Di kantor tersebut, dugaan intimidasi dan ancaman kekerasan tak terelakkan. Salah satu dari mereka bahkan diduga sempat mengancam akan memukul Rezi. Yang lebih miris, kunci kendaraan Rezi dirampas secara paksa, dan Rezi diharuskan membayar biaya penarikan sebesar Rp1,2 juta tanpa dokumen resmi apapun. Karena merasa terancam, Rezi memilih kabur dari lokasi menggunakan ojek online tanpa membawa Berita Acara Serah Terima Kendaraan (BASTK). Bukti berupa kunci serep dan STNK masih berada di tangan Rezi.
Dua hari setelah kejadian, Ketua DPD YLPK PERARI Provinsi Banten, Rizal, mencoba memediasi kasus ini dengan mendatangi kantor PT. BSN. Namun alangkah terkejutnya Rizal saat mengetahui bahwa unit motor Rezi sudah berada di gudang FIF, padahal BASTK belum pernah ditandatangani ataupun diterima oleh Rezi. Bukti percakapan digital (screenshot) menunjukkan bahwa pihak PT. BSN menginformasikan kendaraan sudah dititipkan ke gudang FIF.
Yang menjadi pertanyaan publik: Bagaimana bisa pihak FIF menerima kendaraan tanpa dokumen resmi BASTK dari debitur? Dugaan kuat muncul bahwa unit kendaraan diterima dengan prosedur ilegal, mengingat belakangan muncul dokumen BASTK dengan tanda tangan Rezi yang diduga palsu.
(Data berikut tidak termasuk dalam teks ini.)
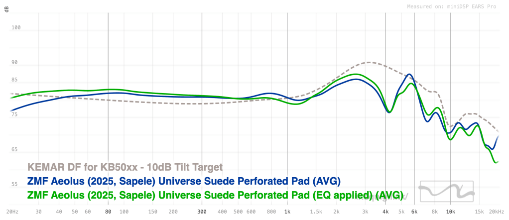 On my head I definitely hear the peak around 6 kHz, and while it’s not any more prominent than the one on my beloved 6XX, the fact that it sits between a pretty substantial dip around 4 kHz and another around 7 kHz means that it reads to my ears as a stronger spike. I’ve been playing around with that peak in EQ and while I initially started with a -4 dB reduction at 5.8 kHz to address, I ended up dropping it to -2 dB just to keep some of the unique character of the Aeolus.

Bukti berupa foto BASTK yang mencantumkan tanda tangan Rezi tanpa sepengetahuannya memperkuat dugaan pemalsuan dokumen.
Ironisnya, praktik seperti ini bukanlah yang pertama dilakukan oleh PT. BSN. Dalam dua bulan terakhir, sedikitnya empat kejadian serupa yang diberitakan oleh media lokal, yang menyebutkan aksi penarikan secara paksa oleh sekelompok orang atas nama PT. BSN. Mereka beroperasi tanpa identitas resmi, tanpa surat tugas penarikan, dan menggunakan metode yang menyerupai aksi preman di jalanan.
Dalam kasus Rezi, keempat orang yang mengadang pun tak mampu menunjukkan dokumen resmi yang menandakan legalitas penugasan mereka. Ini membuka dugaan serius bahwa yang bersangkutan bukan agen sah, melainkan sekadar eksekutor lapangan yang bertindak seolah kebal hukum.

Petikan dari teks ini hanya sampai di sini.